## [PROBLEM DETAILS]
Among the lines of data below, reproduce only those from the one with "広さ74.80㎡+バルコニー・ルーフバルコニー35.17㎡" through the one with "Das Frida-Kissen besticht", exactly as they stand, both ends included.

--------------------

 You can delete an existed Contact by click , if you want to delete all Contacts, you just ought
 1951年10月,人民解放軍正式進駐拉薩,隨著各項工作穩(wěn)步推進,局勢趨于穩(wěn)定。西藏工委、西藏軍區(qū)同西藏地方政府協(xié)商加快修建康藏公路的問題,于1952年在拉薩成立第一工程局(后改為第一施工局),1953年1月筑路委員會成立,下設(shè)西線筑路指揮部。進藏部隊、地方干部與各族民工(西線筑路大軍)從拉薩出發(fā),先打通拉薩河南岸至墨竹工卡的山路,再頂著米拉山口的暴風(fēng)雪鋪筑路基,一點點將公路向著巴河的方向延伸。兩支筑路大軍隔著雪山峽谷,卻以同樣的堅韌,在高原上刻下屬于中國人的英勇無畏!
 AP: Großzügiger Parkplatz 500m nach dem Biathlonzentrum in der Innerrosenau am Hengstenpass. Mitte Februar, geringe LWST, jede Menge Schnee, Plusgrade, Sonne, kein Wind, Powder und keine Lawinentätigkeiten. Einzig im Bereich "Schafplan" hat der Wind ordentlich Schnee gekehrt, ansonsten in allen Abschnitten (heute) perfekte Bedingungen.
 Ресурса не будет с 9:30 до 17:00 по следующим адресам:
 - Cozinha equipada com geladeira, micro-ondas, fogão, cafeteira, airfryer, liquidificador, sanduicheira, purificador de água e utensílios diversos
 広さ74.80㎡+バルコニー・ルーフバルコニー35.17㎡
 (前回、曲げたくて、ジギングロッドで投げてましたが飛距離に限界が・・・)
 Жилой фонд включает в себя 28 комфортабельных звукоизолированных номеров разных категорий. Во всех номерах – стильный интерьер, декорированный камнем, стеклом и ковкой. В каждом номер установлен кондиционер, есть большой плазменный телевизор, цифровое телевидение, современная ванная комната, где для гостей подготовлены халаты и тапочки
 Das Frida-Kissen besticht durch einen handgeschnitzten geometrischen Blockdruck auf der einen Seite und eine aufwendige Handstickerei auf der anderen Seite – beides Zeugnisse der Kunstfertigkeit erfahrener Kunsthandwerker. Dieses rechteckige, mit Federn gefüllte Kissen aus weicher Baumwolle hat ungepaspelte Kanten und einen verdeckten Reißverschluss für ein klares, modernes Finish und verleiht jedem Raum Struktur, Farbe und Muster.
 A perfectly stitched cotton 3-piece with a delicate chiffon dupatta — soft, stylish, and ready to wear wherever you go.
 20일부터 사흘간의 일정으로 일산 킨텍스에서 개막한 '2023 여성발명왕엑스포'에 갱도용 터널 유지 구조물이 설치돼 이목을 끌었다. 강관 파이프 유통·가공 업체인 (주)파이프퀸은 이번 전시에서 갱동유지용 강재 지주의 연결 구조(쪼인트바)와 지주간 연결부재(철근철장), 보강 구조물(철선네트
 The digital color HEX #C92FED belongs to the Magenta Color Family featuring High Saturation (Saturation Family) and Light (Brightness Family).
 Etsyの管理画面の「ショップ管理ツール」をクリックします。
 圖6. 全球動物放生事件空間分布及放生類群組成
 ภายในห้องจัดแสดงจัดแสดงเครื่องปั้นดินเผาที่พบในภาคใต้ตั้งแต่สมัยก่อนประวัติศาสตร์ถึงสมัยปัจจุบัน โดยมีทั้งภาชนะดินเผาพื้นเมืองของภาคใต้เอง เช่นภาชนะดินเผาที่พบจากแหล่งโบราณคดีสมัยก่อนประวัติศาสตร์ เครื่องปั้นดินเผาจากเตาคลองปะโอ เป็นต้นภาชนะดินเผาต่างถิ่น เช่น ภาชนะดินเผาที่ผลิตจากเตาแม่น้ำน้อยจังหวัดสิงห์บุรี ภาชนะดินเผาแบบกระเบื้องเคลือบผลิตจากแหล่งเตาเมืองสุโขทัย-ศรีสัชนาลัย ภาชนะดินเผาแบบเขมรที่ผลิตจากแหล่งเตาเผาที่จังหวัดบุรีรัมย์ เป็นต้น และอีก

--------------------

## [SOLUTION FOR THIS TASK]
 広さ74.80㎡+バルコニー・ルーフバルコニー35.17㎡
 (前回、曲げたくて、ジギングロッドで投げてましたが飛距離に限界が・・・)
 Жилой фонд включает в себя 28 комфортабельных звукоизолированных номеров разных категорий. Во всех номерах – стильный интерьер, декорированный камнем, стеклом и ковкой. В каждом номер установлен кондиционер, есть большой плазменный телевизор, цифровое телевидение, современная ванная комната, где для гостей подготовлены халаты и тапочки
 Das Frida-Kissen besticht durch einen handgeschnitzten geometrischen Blockdruck auf der einen Seite und eine aufwendige Handstickerei auf der anderen Seite – beides Zeugnisse der Kunstfertigkeit erfahrener Kunsthandwerker. Dieses rechteckige, mit Federn gefüllte Kissen aus weicher Baumwolle hat ungepaspelte Kanten und einen verdeckten Reißverschluss für ein klares, modernes Finish und verleiht jedem Raum Struktur, Farbe und Muster.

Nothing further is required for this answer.